Exercise requirements:
Only one span of the listing below is wanted: the lines from the one with "Стаття 2020/07/09Analysis of" through the one with "of the river.", reproduced exactly, both ends kept.

Data for processing:

>>>>

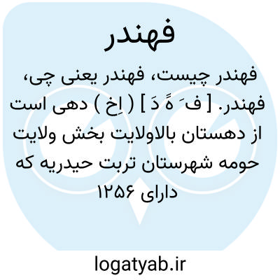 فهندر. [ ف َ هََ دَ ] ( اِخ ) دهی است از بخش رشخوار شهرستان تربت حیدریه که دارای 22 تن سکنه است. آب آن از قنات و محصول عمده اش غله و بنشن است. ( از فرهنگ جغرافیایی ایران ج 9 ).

<<<<
>>>>

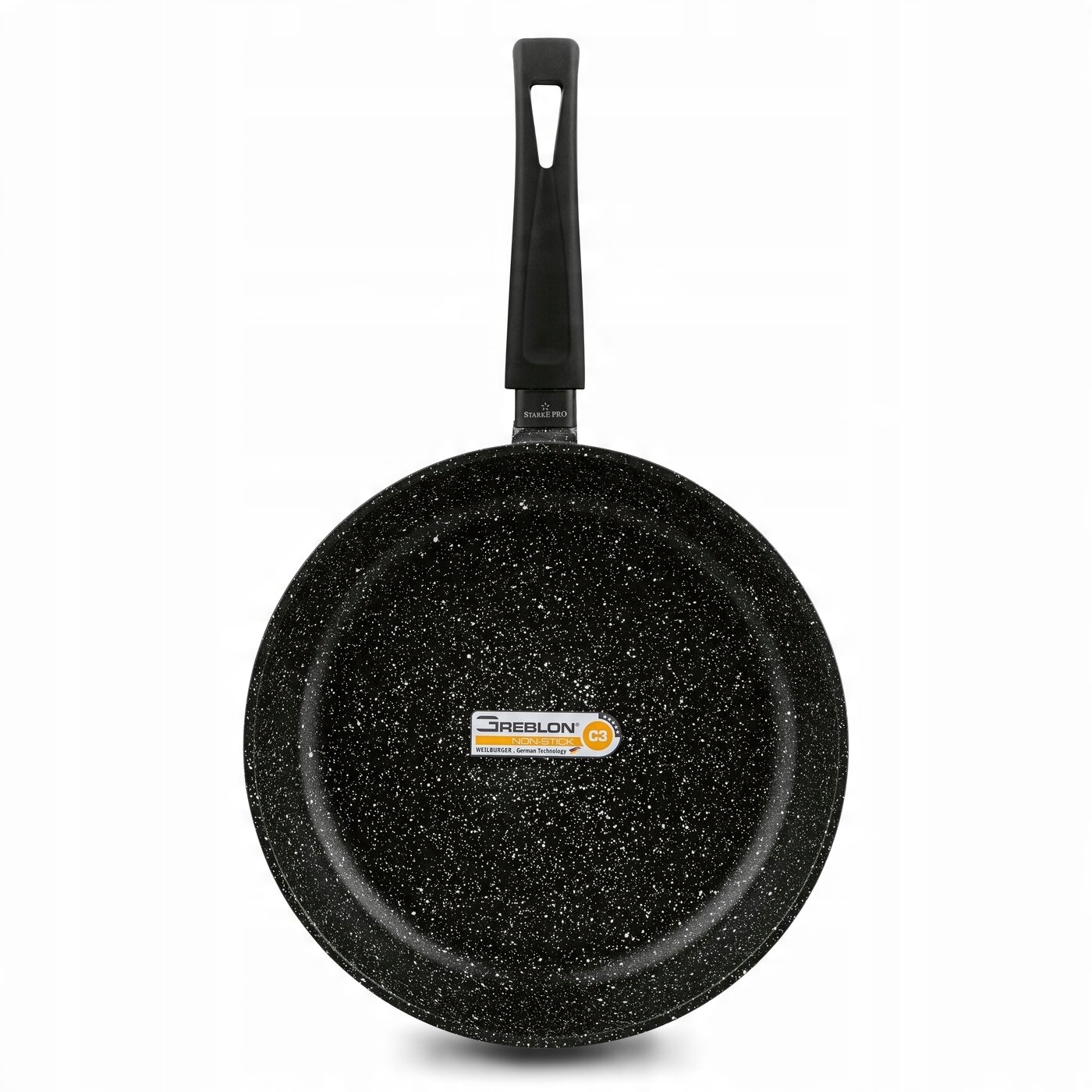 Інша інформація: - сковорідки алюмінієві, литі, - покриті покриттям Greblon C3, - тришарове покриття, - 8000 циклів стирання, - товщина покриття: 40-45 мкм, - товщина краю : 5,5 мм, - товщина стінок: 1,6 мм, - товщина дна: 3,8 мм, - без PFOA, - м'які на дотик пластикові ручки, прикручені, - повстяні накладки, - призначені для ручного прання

<<<<
>>>>

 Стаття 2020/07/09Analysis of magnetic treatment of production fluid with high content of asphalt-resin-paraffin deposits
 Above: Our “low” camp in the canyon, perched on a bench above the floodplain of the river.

<<<<

Solution to this problem:
 Стаття 2020/07/09Analysis of magnetic treatment of production fluid with high content of asphalt-resin-paraffin deposits
 Above: Our “low” camp in the canyon, perched on a bench above the floodplain of the river.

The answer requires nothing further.